_What is needed_.
The required output is the stretch from the line containing "(メール便送料無料)巻きタオル 子供 80cm" through the line containing "Add an electric" in the records below, unaltered and with no pictures.

_Records provided_.
▼▼▼

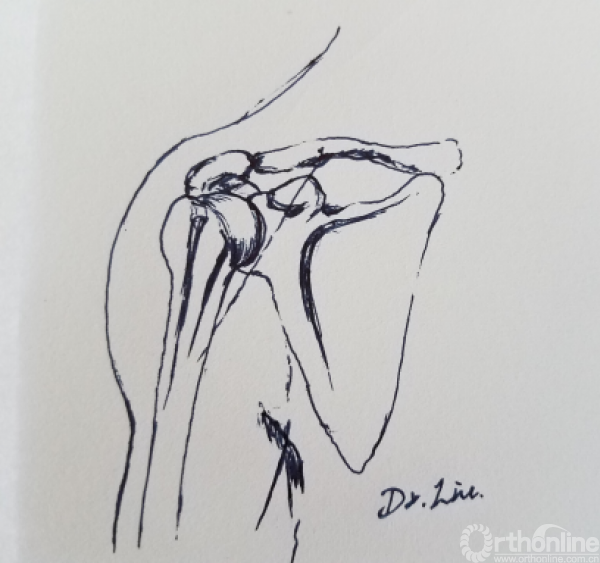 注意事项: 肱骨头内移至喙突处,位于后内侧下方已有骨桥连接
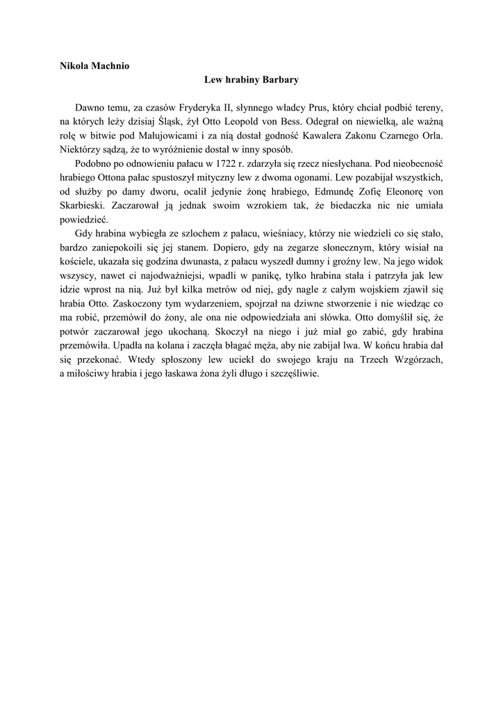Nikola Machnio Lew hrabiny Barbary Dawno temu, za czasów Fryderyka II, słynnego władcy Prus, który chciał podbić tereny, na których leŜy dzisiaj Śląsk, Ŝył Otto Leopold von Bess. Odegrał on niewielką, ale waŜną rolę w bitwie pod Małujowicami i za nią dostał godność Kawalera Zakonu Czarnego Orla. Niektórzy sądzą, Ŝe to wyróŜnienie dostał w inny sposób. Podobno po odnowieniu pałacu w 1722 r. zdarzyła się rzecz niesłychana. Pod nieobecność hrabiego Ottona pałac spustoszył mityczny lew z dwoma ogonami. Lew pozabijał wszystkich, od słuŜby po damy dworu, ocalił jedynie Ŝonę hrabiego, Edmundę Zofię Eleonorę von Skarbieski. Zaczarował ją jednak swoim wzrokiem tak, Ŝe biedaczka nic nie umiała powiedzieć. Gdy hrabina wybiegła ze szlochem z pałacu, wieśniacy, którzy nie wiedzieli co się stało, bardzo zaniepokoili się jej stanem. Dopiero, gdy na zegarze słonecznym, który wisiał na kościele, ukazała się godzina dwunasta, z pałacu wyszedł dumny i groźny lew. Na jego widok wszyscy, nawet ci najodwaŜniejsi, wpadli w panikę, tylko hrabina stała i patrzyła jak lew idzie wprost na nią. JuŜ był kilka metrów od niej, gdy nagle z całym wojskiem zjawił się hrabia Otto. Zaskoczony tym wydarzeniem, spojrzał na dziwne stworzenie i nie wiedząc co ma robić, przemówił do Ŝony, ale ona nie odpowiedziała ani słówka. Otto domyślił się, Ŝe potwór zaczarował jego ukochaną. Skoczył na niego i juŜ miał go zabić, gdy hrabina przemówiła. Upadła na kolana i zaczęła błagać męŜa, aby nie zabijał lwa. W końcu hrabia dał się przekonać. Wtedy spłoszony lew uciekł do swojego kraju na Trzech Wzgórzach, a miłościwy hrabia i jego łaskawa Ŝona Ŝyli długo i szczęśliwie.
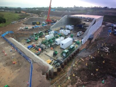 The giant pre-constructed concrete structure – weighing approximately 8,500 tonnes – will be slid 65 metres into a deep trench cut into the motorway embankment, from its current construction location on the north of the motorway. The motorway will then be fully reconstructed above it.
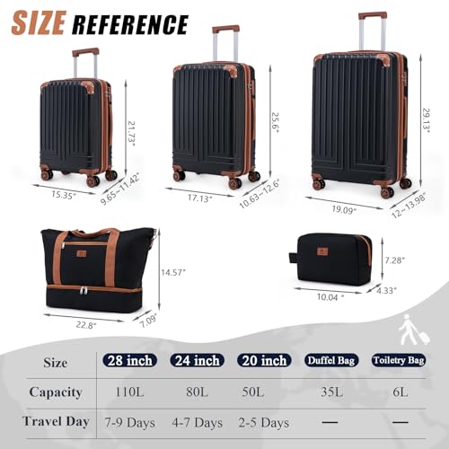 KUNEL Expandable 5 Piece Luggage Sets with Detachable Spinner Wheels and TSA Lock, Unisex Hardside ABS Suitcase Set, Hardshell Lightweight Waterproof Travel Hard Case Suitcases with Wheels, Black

▲▲▲
▼▼▼

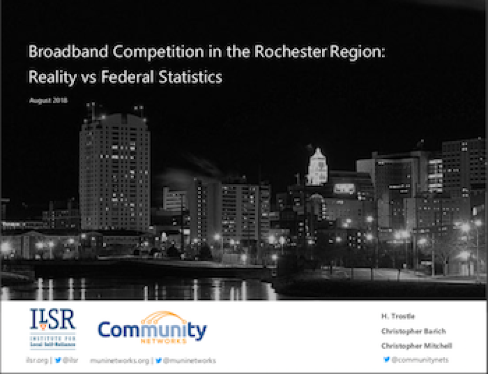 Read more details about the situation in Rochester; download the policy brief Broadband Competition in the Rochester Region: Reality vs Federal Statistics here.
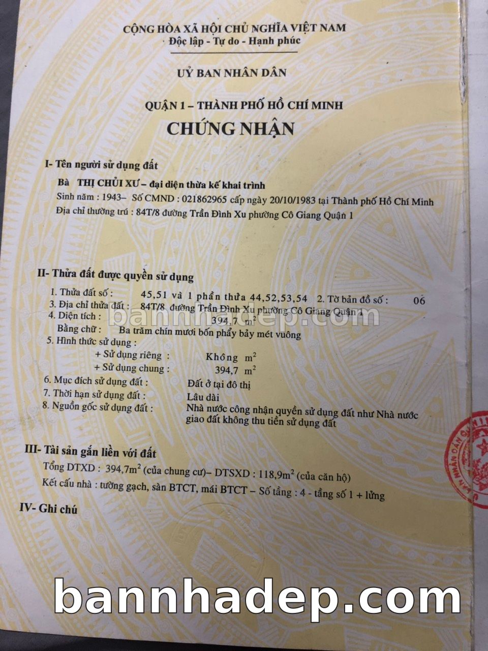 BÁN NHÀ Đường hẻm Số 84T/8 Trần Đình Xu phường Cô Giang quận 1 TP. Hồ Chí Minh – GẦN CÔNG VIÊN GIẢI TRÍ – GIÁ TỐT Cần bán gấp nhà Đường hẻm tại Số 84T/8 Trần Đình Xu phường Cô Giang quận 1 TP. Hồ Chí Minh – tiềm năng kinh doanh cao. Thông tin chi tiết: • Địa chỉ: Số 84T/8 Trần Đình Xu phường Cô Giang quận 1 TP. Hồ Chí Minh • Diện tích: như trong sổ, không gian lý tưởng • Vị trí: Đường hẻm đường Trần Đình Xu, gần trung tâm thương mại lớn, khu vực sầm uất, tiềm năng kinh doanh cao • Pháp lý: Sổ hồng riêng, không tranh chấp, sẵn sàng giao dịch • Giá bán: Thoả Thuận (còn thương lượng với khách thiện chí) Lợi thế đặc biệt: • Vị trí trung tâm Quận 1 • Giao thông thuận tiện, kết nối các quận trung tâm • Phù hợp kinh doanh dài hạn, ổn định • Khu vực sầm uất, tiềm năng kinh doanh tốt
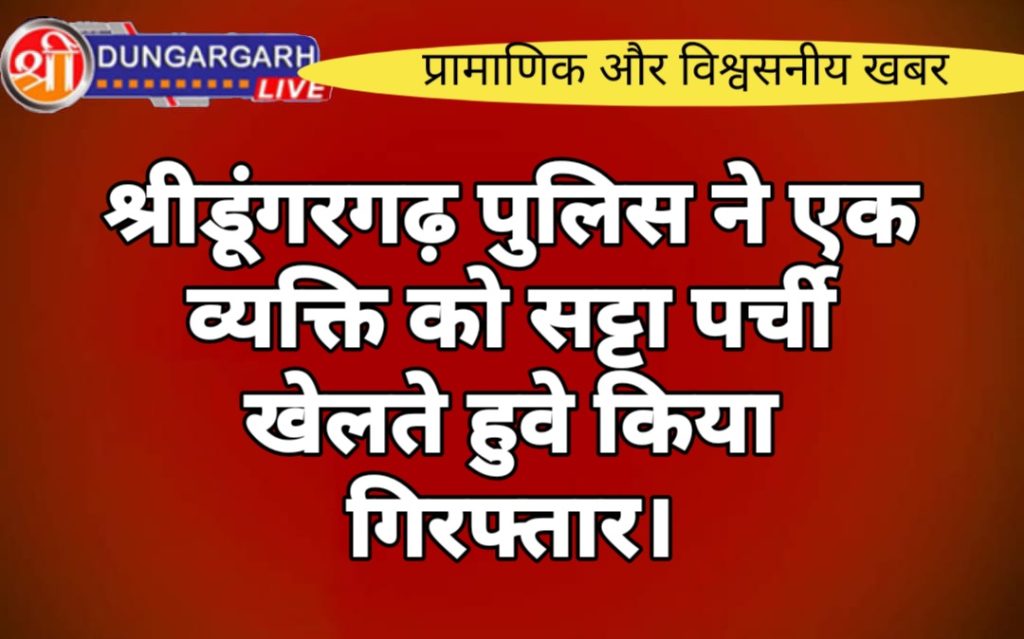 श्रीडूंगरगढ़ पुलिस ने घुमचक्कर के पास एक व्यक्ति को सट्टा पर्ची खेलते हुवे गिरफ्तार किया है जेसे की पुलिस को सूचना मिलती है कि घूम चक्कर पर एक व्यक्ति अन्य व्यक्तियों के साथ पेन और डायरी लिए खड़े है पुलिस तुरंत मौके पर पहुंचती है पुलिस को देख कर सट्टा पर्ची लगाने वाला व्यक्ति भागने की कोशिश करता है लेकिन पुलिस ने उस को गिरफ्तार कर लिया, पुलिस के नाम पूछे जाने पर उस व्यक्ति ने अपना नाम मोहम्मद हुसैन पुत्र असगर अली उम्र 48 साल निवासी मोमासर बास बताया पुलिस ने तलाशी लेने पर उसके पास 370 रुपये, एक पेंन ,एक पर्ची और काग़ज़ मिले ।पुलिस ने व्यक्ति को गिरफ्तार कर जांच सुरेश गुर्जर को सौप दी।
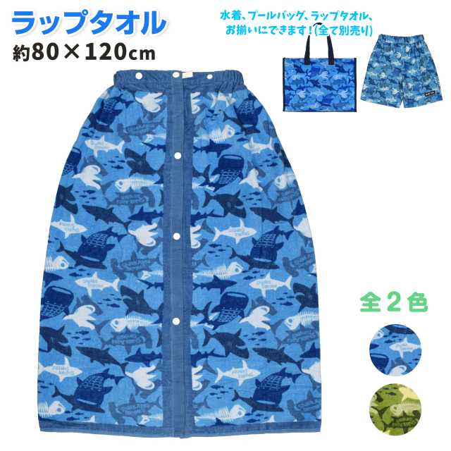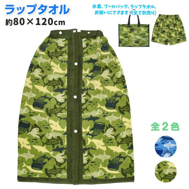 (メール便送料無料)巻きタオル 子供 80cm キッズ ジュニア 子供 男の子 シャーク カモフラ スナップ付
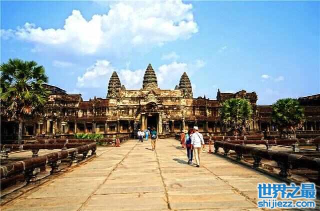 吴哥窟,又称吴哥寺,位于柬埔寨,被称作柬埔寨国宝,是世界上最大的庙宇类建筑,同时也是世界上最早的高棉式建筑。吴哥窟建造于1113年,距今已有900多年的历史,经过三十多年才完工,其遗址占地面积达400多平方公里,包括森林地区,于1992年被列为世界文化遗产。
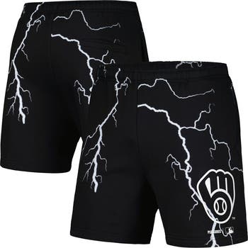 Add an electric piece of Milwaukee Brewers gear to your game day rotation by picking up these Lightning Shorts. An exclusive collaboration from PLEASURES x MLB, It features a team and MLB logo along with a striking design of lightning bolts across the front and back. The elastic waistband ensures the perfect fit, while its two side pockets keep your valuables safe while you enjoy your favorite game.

▲▲▲
▼▼▼

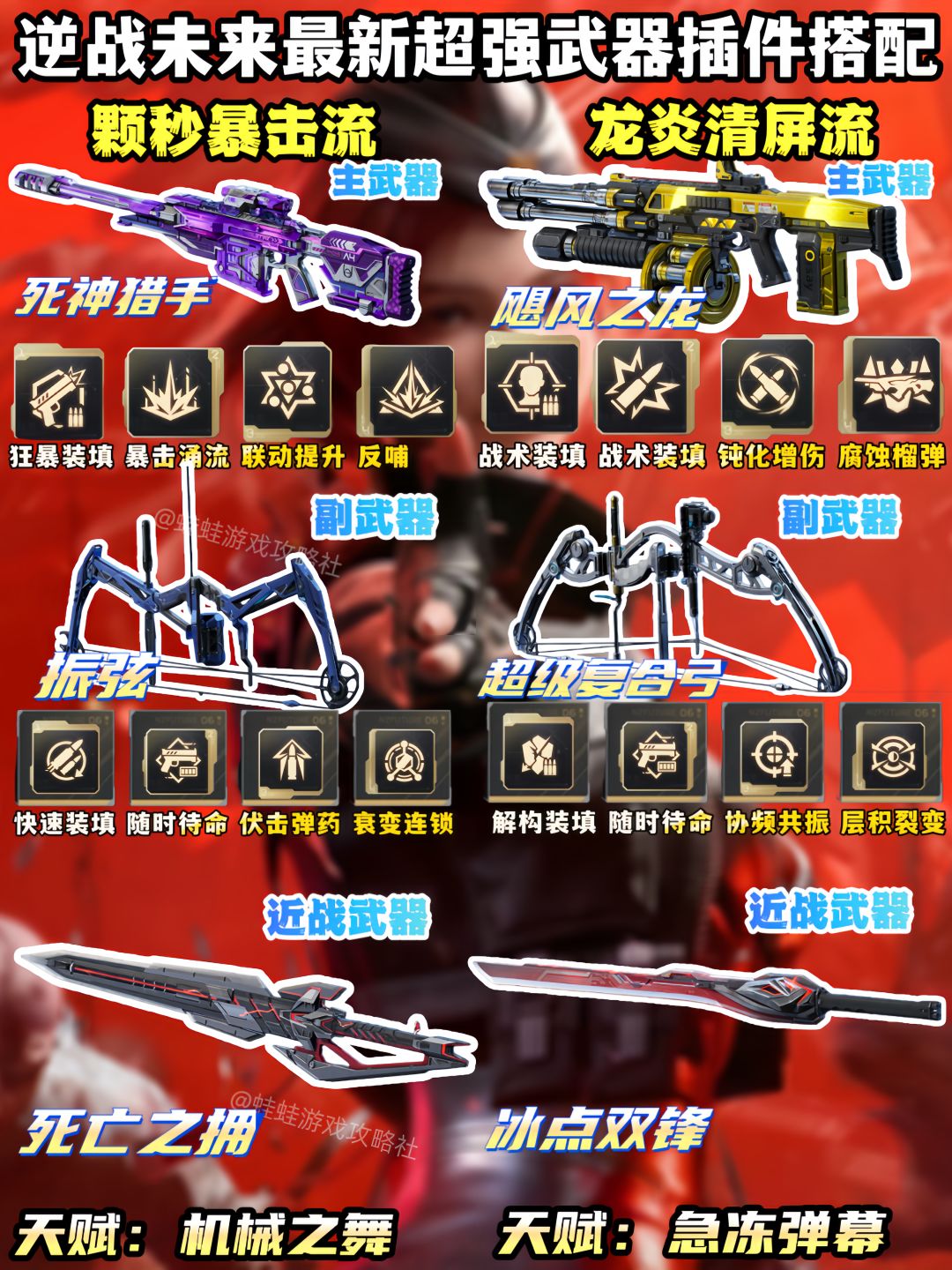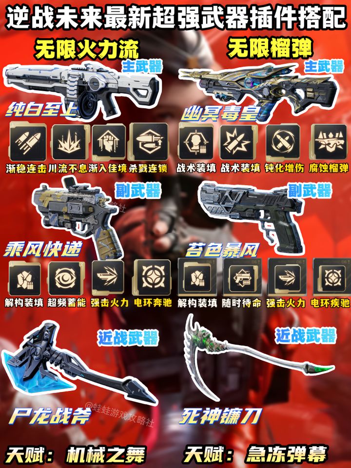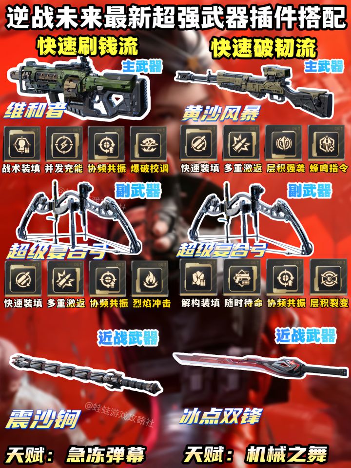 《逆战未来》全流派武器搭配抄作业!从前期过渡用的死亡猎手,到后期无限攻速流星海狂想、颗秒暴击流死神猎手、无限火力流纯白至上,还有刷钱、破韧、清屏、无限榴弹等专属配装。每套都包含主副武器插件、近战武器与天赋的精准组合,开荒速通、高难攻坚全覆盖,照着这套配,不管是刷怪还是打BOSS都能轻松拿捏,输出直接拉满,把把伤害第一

▲▲▲

_Solution to this exercise_.
 (メール便送料無料)巻きタオル 子供 80cm キッズ ジュニア 子供 男の子 シャーク カモフラ スナップ付
 吴哥窟,又称吴哥寺,位于柬埔寨,被称作柬埔寨国宝,是世界上最大的庙宇类建筑,同时也是世界上最早的高棉式建筑。吴哥窟建造于1113年,距今已有900多年的历史,经过三十多年才完工,其遗址占地面积达400多平方公里,包括森林地区,于1992年被列为世界文化遗产。
 Add an electric piece of Milwaukee Brewers gear to your game day rotation by picking up these Lightning Shorts. An exclusive collaboration from PLEASURES x MLB, It features a team and MLB logo along with a striking design of lightning bolts across the front and back. The elastic waistband ensures the perfect fit, while its two side pockets keep your valuables safe while you enjoy your favorite game.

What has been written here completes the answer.